Stonewalling: Ignoring your partner while they try to communicate their needs creates a gap between you.

Disrespect – It is almost certain that expressing disrespect for another person’s feelings or belittling them will cause irreparable harm over time.

 

What is the average divorce rate?

Divorce can be a very difficult and emotional experience that affects whole families. It’s not surprising that divorce rates are on the rise in many countries. Nearly half of all marriages in the United States end in divorce. Since 1950s, when only 10-20% of marriages ended with divorce, this number has steadily increased. Divorce is becoming more common due to factors like changing social norms and dual-income households. Incompatibility and financial strain are frequently cited as reasons for a marriage’s breakdown. No matter what the reason, divorce is becoming more common. It can have devastating effects on intertwined communities all over the globe.

 

How to deal with a divorce

Divorce can be a difficult and stressful experience. You can make positive changes in your life by navigating divorce in a constructive and healthy way. These are steps to help you cope with divorce pain.

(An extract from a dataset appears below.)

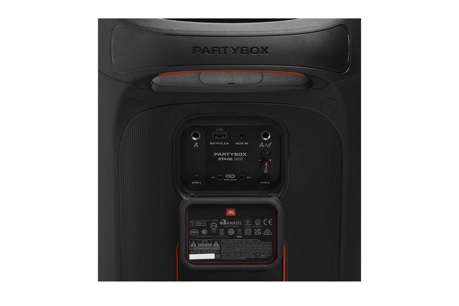 Whether you're partying with friends in the park or by the seaside, the JBL PartyBox Stage 320 is IPX4 splashproof, means a little rain won't stop the fun.

    1. Accept your feelings. – Don’t be afraid to let out all emotions without judgment or fear. Recognize and process your emotions, even if they are uncomfortable. This will help you heal and move on.
    2. Get connected with others. – Make sure you surround yourself with people who are supportive of your feelings and will listen to you without judgment or giving advice unless asked. Talking about your feelings and thoughts can help you feel better and provide comfort in difficult times.
      1. Search for support networks. These can be great resources to help you get through the transition to being single again.
      2. Take care – Getting back to your hobbies and activities can bring you joy and balance again. Do whatever you can to relax and take care your mental health during this stressful time.
      3. Keep your eyes on the future. Although it may seem impossible now, most people eventually heal from divorce. You will eventually find peace again. Focus on the possibilities for the future and not the past or regrettable feelings that were associated with divorce.

Conclusion

It’s possible to fix your relationship if you notice any of these signs. These tips can help you create a fulfilling relationship by changing your behavior. These are the key steps you can take to create a happier and healthier relationship.

 

    1. Identify and fix any negative patterns.
    2. Express your needs clearly Ensure that both parties are heard and respected by having honest and open conversations about the needs of each other in order to make the relationship thrive.

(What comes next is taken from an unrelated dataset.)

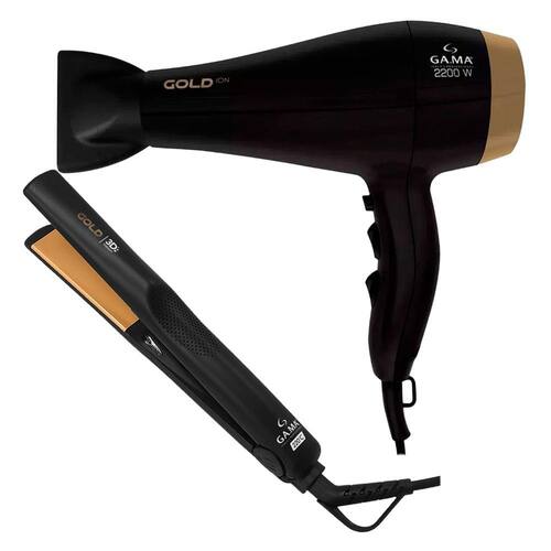 O Kit Secador 127v + Prancha Bivolt Gold Íon foi especialmente desenvolvido com a exclusiva tecnologia Essential Oil, ativada com o calor do produto, que nesta versão traz o óleo de Argan. Muito conhecido como o ouro líquido entre os profissionais cabeleireiros, é rico em ácidos graxos, ômega 9 e Vitamina E, sendo assim um antioxidante poderoso, que promove hidratação e nutrição profunda para os fios, combate o envelhecimento e protege dos efeitos negativos do calor. Além disso, possui a tecnologia 3D THERAPY que promove alta emissão de íons negativos, responsável por manter a umidade natural dos fios ao mesmo tempo em que fecha a cutícula capilar, resultando em cabelos mais saudáveis, sedosos e com menos frizz.

      1. Self-care It is important to take time for yourself in order to maintain emotional balance, develop greater empathy, understand, and be able listen to your partner and offer support.
      2. Communicate actively — Work with your partner to establish goals, find solutions, make mistakes, and manage stress or conflict in a healthy manner through active dialogue, not passive-aggressive behavior.
      3. Create win/win situations – Rather than trying to get your way, focus on creating mutually-beneficial solutions. This can foster a culture of cooperation instead of competition.

      You will be able to build a strong relationship between you and your partner if you are able to recognize negative patterns, communicate openly, actively, communicate, take care of yourself as individuals and work together for mutual benefit.